Ertuğrul Garipardıç

Site Reliability Engineer (SRE) | DevOps | Kubernetes | Linux | Production Operations

Istanbul, Türkiye

About

Site Reliability Engineer (SRE) with hands-on experience in production operations, Kubernetes, Linux administration, observability platforms, and incident management. Experienced in monitoring production environments, troubleshooting complex infrastructure issues, and supporting high-availability systems. Skilled in automation using Python and Bash, with a strong focus on system reliability, operational excellence, and continuous improvement. Technical Skills Monitoring: Grafana, Zabbix, Prometheus, Graylog, ELK Stack Databases: Oracle, PostgreSQL, MongoDB, Cassandra, MySQL Operating Systems: Linux (Ubuntu/CentOS) & Windows Server Cloud Platforms: AWS (EC2, IAM, CloudWatch), Azure Fundamentals Containers & Orchestration: Docker, Kubernetes, OpenShift CI/CD & Automation: Python, Bash / Shell Scripting, Jenkins Infrastructure as Code (IaC): Basic Terraform, Basic Ansible Core Competencies: Incident Management, Root Cause Analysis (RCA), ITIL Processes

Experience

  • Site Reliability Engineer (SRE) at Bilyoner
    Sep 2024 - Present · 1 yr 10 mos

    Monitoring & Alert Management: Monitored 100+ production services using Grafana, Prometheus, Zabbix, Graylog, and ELK Stack. Built and maintained dashboards and optimized alert thresholds to improve detection efficiency and reduce alert noise. Ticket Management: Handled daily operational support via internal ticketing systems, resolving ~15–20 production tickets per day while meeting SLA requirements. Incident & ITIL Operations: Resolved L2/L3 production incidents in 24/7 environments within SLA/SLO targets.

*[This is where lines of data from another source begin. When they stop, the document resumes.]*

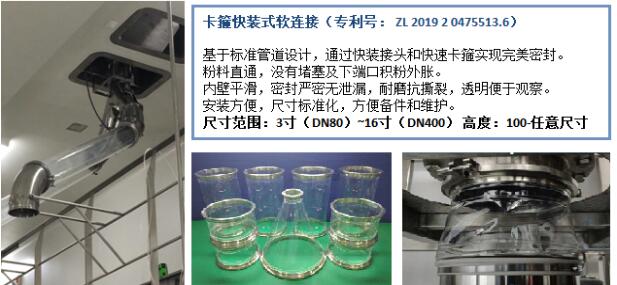 粉体软连接广泛用于粉体输送系统中,相对于机器设备或者系统来说,其价值并不高。然而其对系统的安全稳定运行却起着十分重要的作用,轻则导致粉尘泄漏污染、产品损失,重则引起设备停机甚至发生静电危害导致严重后果。那么,粉体软连接该怎么样进行选用呢?粉体软连接的选用包含材料的选用和安装形式的选用。一、粉体软连接材料的选用,主要和所应用的工况条件有关,主要包括?、所输送物料的特性温度、磨损性、腐蚀性、易燃性、/p>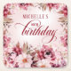 Elegant Pink Burgundy Floral 80th Birthday Square Paper Coaster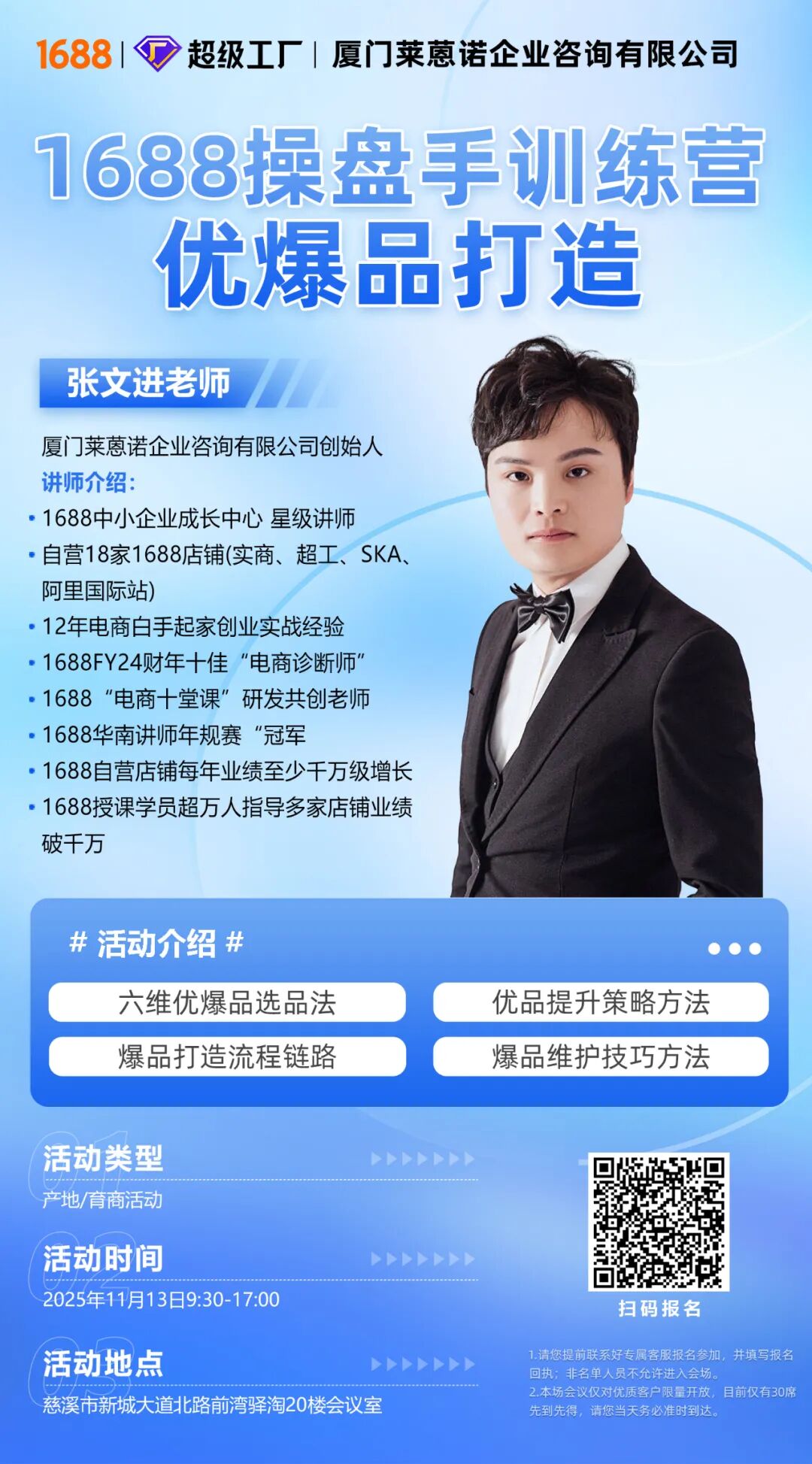 【活动推介】1688操盘手训练营 | 优爆品打造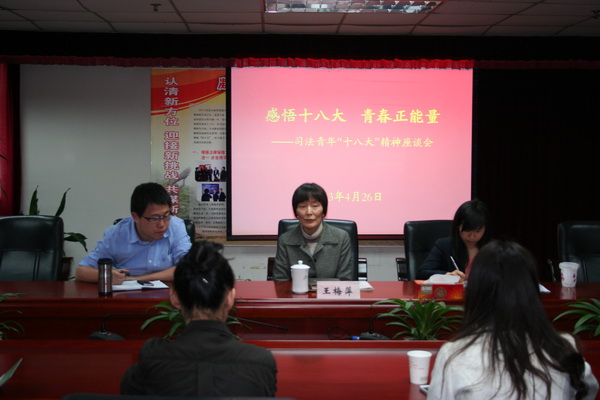 4月26日下午,為紀(jì)念中國(guó)共產(chǎn)主義青年團(tuán)成立91周年、“五四”運(yùn)動(dòng)94周年,向廣大青年律師深入宣傳十八大精神,區(qū)司法局組織本系統(tǒng)團(tuán)員青年召開了主題為“感悟十八大 青春正能量”的座談會(huì),來自局機(jī)關(guān)、法援中心、公證處和各律師事務(wù)所近50多名青年參加,區(qū)司法局黨委副書記、律師黨委書記王梅萍出席座談并講話。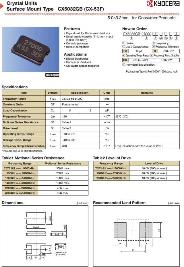| CX5032GB27000H0PESZZ | AVX Corp/Kyocera Corp | CX5032GB, Kyocera | MHz Crystal | 27MHz | -10°C ~ 70°C |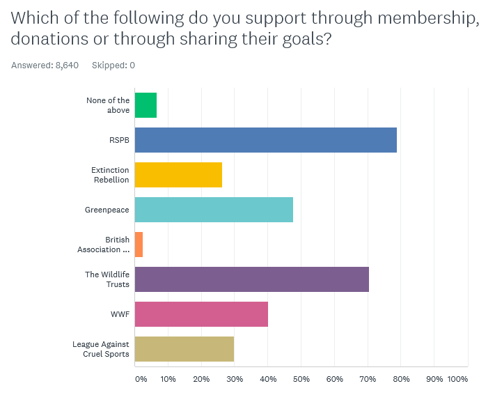 Wild Justice newsletter subscribers generally support a range of other organisations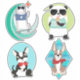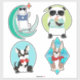 Una colección genial de animales hipster para pegarse en casi cualquier cosa, este conjunto de cuatro pegatinas incluye un oso en una patineta, un panda comiendo un cono de helado, un lindo territorio de pistón con corbata de arco rojo y un perro fresco con gafas de bandana roja alrededor de su cuello.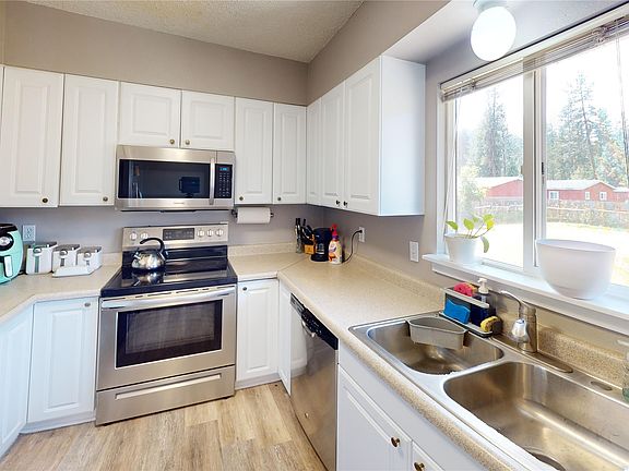 Welcome to 9 Western Juniper, this lovely 2112 Sq Ft home in Saint Regis is on .5 acres with fully fenced backyard and detached double garage. Upstairs is 2 bedrooms and full bathroom, kitchen with new stainless steel appliances and sliding glass door out to the fenced back yard. Downstairs you have 2 bonus rooms, one of them being very large and used as a bedroom with ensuite full bathroom. Some updates to this home include new roof in 2020, new propane furnace in 2018, exterior completely repainted 2024, new flooring throughout in 2020/ 2024.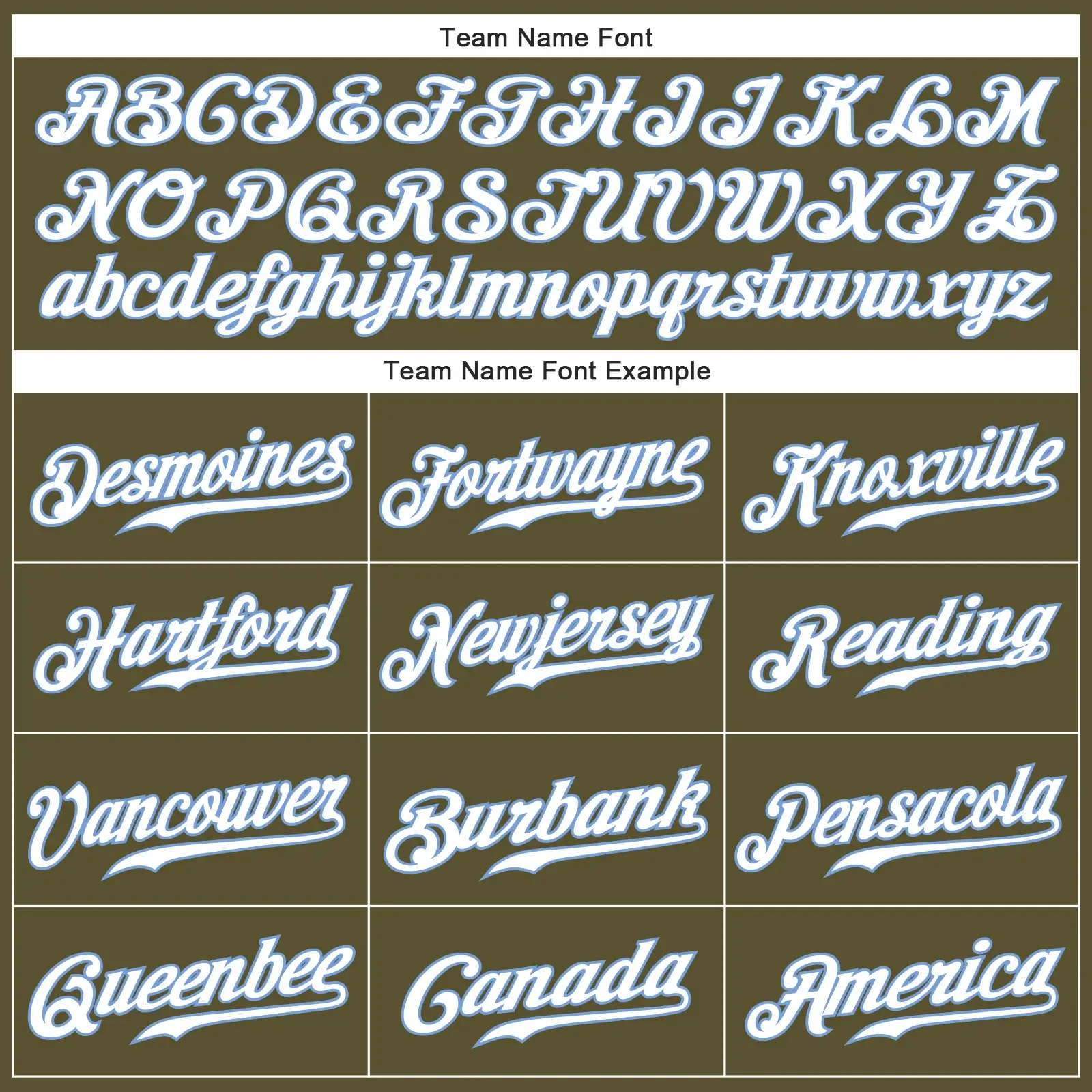 CustomizedGuys provides this Custom Olive Baseball Jersey with White-Light Blue. You can customize this baseball uniform with the team logo, name and number of your own name. This custom baseball jersey is the close to what the pros wear featuring twill numbers. We want fans to make a vibrant look on the field or daily life by personalizing baseball jerseys.

Participated in Incident, Problem, and Change Management processes and contributed to RCA efforts to improve system reliability and reduce recurring issues. Database Operations: Supported Oracle, PostgreSQL, MongoDB, and Cassandra environments, handling troubleshooting related to connectivity, performance, and availability. Collaboration & Production Support: Worked closely with Development, QA, DevOps, and Infrastructure teams to improve reliability, deployment stability, and operational efficiency. Automation & Scripting: Automated routine tasks and health checks using Bash, Python, and CronJobs, reducing manual effort and improving operational consistency. Supported CI/CD workflows with DevOps teams. Kubernetes & Cloud Operations: Supported Kubernetes and OpenShift workloads, including pod troubleshooting, log analysis, and service health monitoring. Assisted in AWS production environments to ensure system availability. Linux & Infrastructure Operations: Managed Linux servers and virtual machines via SSH, performing service management, log analysis, process monitoring, and troubleshooting to ensure stability. Domain & Release Operations: Performed post-release validations and health checks to detect and mitigate issues. Supported multiple business domains, including finance and customer-facing services, during deployments and incidents.

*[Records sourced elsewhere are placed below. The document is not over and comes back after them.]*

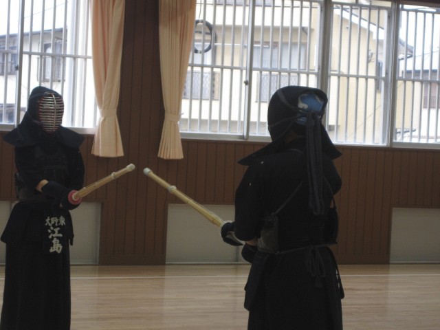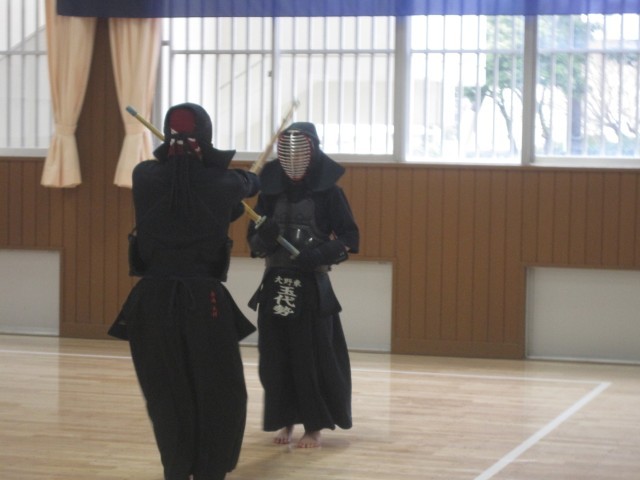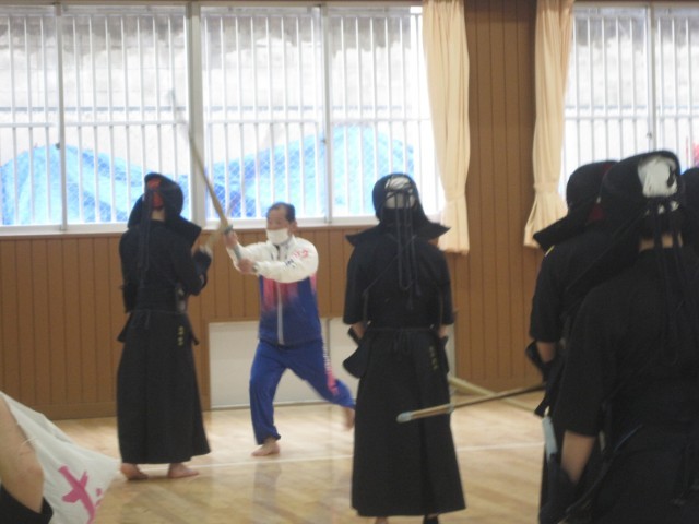 剣道部も練習に励んでいます。コーチから声を出すことの大切さについて話がありました。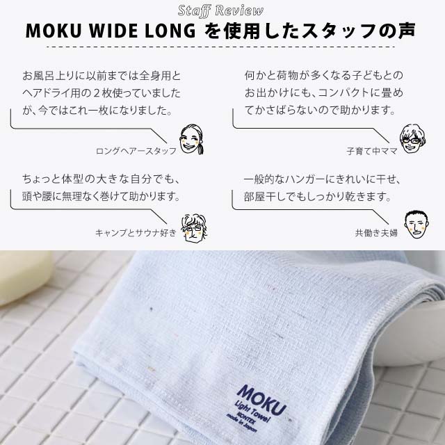 MOKU Light Towelは、吸水・速乾性に優れ、薄くて持ち運びにも便利なタオル。コンテックスのベストセラーで多くの方に指示されている大人気タオルです。 そんなMOKUシリーズの中で、サウナや銭湯で非常に使い勝手が良いサイズとして開発したワイドロング。 数量限定カラーのため、どんな色が出てくるのか楽しみでもあります。 MOKUのタオルのここがいい!! 室内干しでもすぐ乾く MOKUは通気性に優れる細番手の糸とコンテックス独自の織技法で、季節によっては部屋干しで1時間半ほどで乾いてしまう速乾性を実現しました。 すぐに乾くので嫌な臭いも気になりません。キャンプやアウトドア、釣り、サウナ、銭湯、ガーデニング、旅行など、お出かけの際の心強いタオルです。 色味が個性的 MOKUは先染めの糸で織り上げた生地の上から染め加工を施しています。 ところどころに生地から顔をのぞかせるネップ(糸のかたまり)が 個性的な色味をさらに表情豊かにしています。 今治クオリティの吸水力 おだやかで美しい瀬戸内の海にかこまれた綿織物の産地、「今治」。染色、織り、縫製など、日本の優れた手の技で、こだわりもって作られています。吸水力は、綿100%であることに加えて、今治の熟練工が丁寧に不純物を落としているので、しっかりと水を吸いとってくれます。ふんわりと柔らかい手触りで、気持ちの良いタオルです。 痒い所に手が届く絶妙なサイズ感。 人気のMサイズよりも横幅7cm 長さ20cm 大きくなり、これ一枚でバスタオルにもヘアドライ用にも大活躍。 もちろん従来通りフェイスタオルとしても使えるサイズ感です。 長さと横幅もあるので、腰や頭に巻いて使うにも簡単です。軽くて持ち運びが楽!重さは約70gで軽量。通常のタオルより1.5倍細い糸を使用しているため、とても薄手でコンパクトに収まります。数量限定カラー 数量限定のため、在庫限りの販売となります。 今後も同じように数量限定でシーズンに合わせて限定色での販売を予定しております。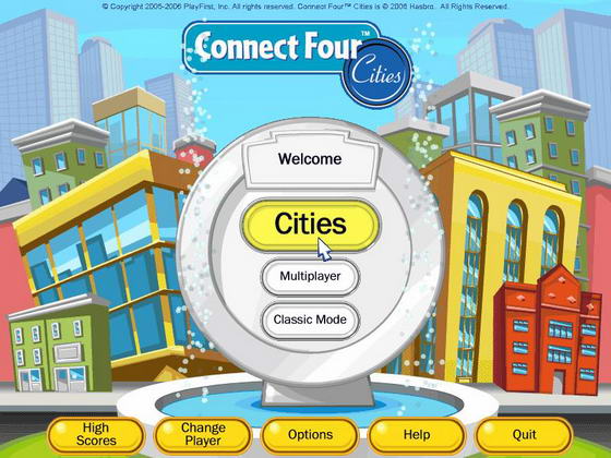 Логическая игра. Ставьте четыре свои фишки в строку прежде чем это сделает ваш соперник и смотрите как ваши города растут.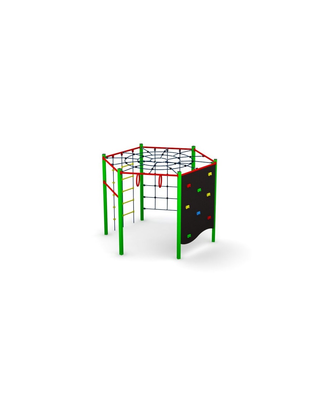 Zestaw sprawnościowy Sześciokąt Wielofunkcyjny na plac zabaw z pajęczxyną i elementami do wspinaczki.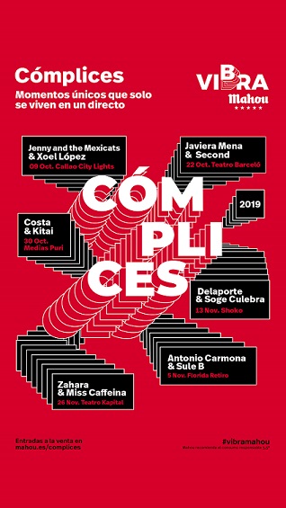 La complicidad entre artistas, la cercanía con el público y el sabor de la música en directo son, un año más, los grandes protagonistas de Cómplices de Vibra Mahou. La nueva edición de este ciclo contará, durante los meses de octubre y noviembre, con doce artistas de distintos estilos musicales que se unirán en las principales salas de Madrid para ofrecer colaboraciones únicas a dúo.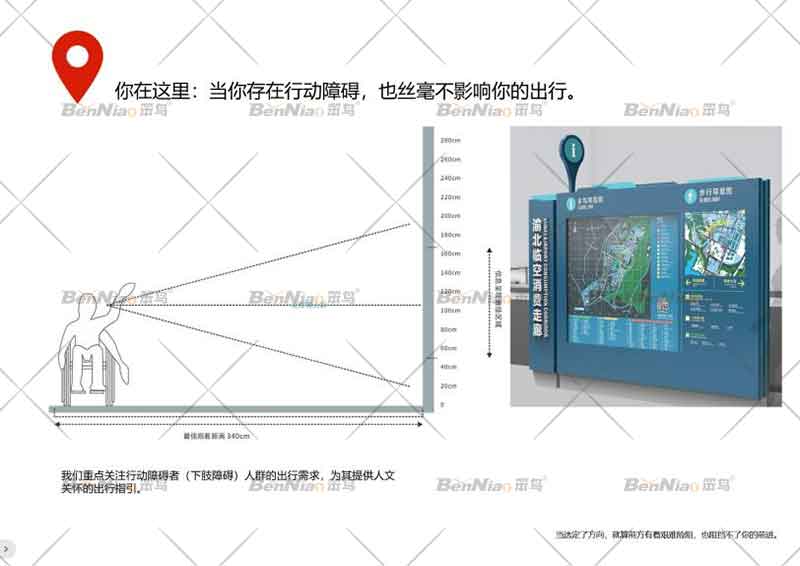 人性化的設(shè)施服務(wù)是一個(gè)城市有序運(yùn)轉(zhuǎn)不可或缺的強(qiáng)大工具。人與城市之間的溝通,最為主要的聯(lián)接載體之一,就體現(xiàn)在城市導(dǎo)視系統(tǒng)上,根據(jù)人群分布和流動(dòng)特點(diǎn)進(jìn)行合理設(shè)置導(dǎo)視牌的尺度與位置,只有這樣才能達(dá)到導(dǎo)視系統(tǒng)與人群行為模式的相配。運(yùn)用充滿關(guān)愛(ài)的通用設(shè)計(jì),提升城市空間的公平性,以靈活的設(shè)置形式,多種類信息傳遞方式方便各類人群的使用。尺度的人機(jī)工程學(xué)考量也將滿足不同不同場(chǎng)景下的使用。

  • Technical Customer Success Specialist at Digybite
    Jun 2023 - Jul 2024 · 1 yr 2 mos

    Technical Support: L1 technical and operational support was provided to B2B customers using SaaS-based e-commerce platforms. Customer-reported incidents and platform-related issues were analyzed and resolved to maintain operational continuity. Customer onboarding and operational readiness processes were supported through platform configuration and deployment coordination activities. Collaboration & Agile Operations: Issue tracking and operational coordination activities were maintained through Jira in collaboration with development and infrastructure teams. Agile Scrum processes including sprint planning and release cycles were actively followed. Deployment & CI/CD Operations: Application deployment and release activities were supported through Jenkins-based CI/CD pipelines. Deployment validations, release coordination, and operational checks were performed during production rollouts. Mobile Application Operations: Pre-release configuration and operational setup activities were performed for iOS and Android mobile applications prior to production deployments. UI/UX & Figma Operations: Mobile application interface designs and customer-specific UI configurations were prepared using Figma.